### Required action
Would you restate every entry below word for word? Leave out the pictures.

### Dataset entries
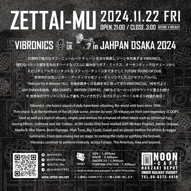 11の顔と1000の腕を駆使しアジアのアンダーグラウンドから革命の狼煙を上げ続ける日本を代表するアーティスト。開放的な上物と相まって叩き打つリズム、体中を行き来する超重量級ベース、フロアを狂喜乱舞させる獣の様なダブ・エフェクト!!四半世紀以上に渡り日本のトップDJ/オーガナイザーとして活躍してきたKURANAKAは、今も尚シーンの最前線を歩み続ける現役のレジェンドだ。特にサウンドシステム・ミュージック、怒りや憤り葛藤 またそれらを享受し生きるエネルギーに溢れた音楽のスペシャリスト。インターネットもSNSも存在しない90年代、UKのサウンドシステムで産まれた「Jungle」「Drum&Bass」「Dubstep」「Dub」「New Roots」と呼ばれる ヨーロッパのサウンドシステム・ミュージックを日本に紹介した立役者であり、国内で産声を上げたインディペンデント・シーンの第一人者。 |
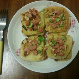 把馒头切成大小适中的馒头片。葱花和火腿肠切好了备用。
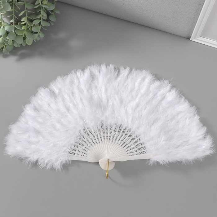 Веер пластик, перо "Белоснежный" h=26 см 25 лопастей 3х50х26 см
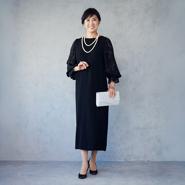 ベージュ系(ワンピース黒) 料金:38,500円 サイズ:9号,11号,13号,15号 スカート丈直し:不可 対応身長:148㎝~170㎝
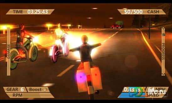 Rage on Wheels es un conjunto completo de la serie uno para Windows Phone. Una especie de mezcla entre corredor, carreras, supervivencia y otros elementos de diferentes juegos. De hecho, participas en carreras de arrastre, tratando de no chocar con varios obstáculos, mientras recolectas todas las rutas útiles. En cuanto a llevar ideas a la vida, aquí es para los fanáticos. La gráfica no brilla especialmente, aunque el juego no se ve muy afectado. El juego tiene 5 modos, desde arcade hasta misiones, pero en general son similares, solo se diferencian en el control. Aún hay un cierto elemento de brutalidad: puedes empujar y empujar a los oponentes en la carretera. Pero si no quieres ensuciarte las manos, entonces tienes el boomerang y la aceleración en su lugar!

### Answer area
 11の顔と1000の腕を駆使しアジアのアンダーグラウンドから革命の狼煙を上げ続ける日本を代表するアーティスト。開放的な上物と相まって叩き打つリズム、体中を行き来する超重量級ベース、フロアを狂喜乱舞させる獣の様なダブ・エフェクト!!四半世紀以上に渡り日本のトップDJ/オーガナイザーとして活躍してきたKURANAKAは、今も尚シーンの最前線を歩み続ける現役のレジェンドだ。特にサウンドシステム・ミュージック、怒りや憤り葛藤 またそれらを享受し生きるエネルギーに溢れた音楽のスペシャリスト。インターネットもSNSも存在しない90年代、UKのサウンドシステムで産まれた「Jungle」「Drum&Bass」「Dubstep」「Dub」「New Roots」と呼ばれる ヨーロッパのサウンドシステム・ミュージックを日本に紹介した立役者であり、国内で産声を上げたインディペンデント・シーンの第一人者。 |
 把馒头切成大小适中的馒头片。葱花和火腿肠切好了备用。
 Веер пластик, перо "Белоснежный" h=26 см 25 лопастей 3х50х26 см
 ベージュ系(ワンピース黒) 料金:38,500円 サイズ:9号,11号,13号,15号 スカート丈直し:不可 対応身長:148㎝~170㎝
 Rage on Wheels es un conjunto completo de la serie uno para Windows Phone. Una especie de mezcla entre corredor, carreras, supervivencia y otros elementos de diferentes juegos. De hecho, participas en carreras de arrastre, tratando de no chocar con varios obstáculos, mientras recolectas todas las rutas útiles. En cuanto a llevar ideas a la vida, aquí es para los fanáticos. La gráfica no brilla especialmente, aunque el juego no se ve muy afectado. El juego tiene 5 modos, desde arcade hasta misiones, pero en general son similares, solo se diferencian en el control. Aún hay un cierto elemento de brutalidad: puedes empujar y empujar a los oponentes en la carretera. Pero si no quieres ensuciarte las manos, entonces tienes el boomerang y la aceleración en su lugar!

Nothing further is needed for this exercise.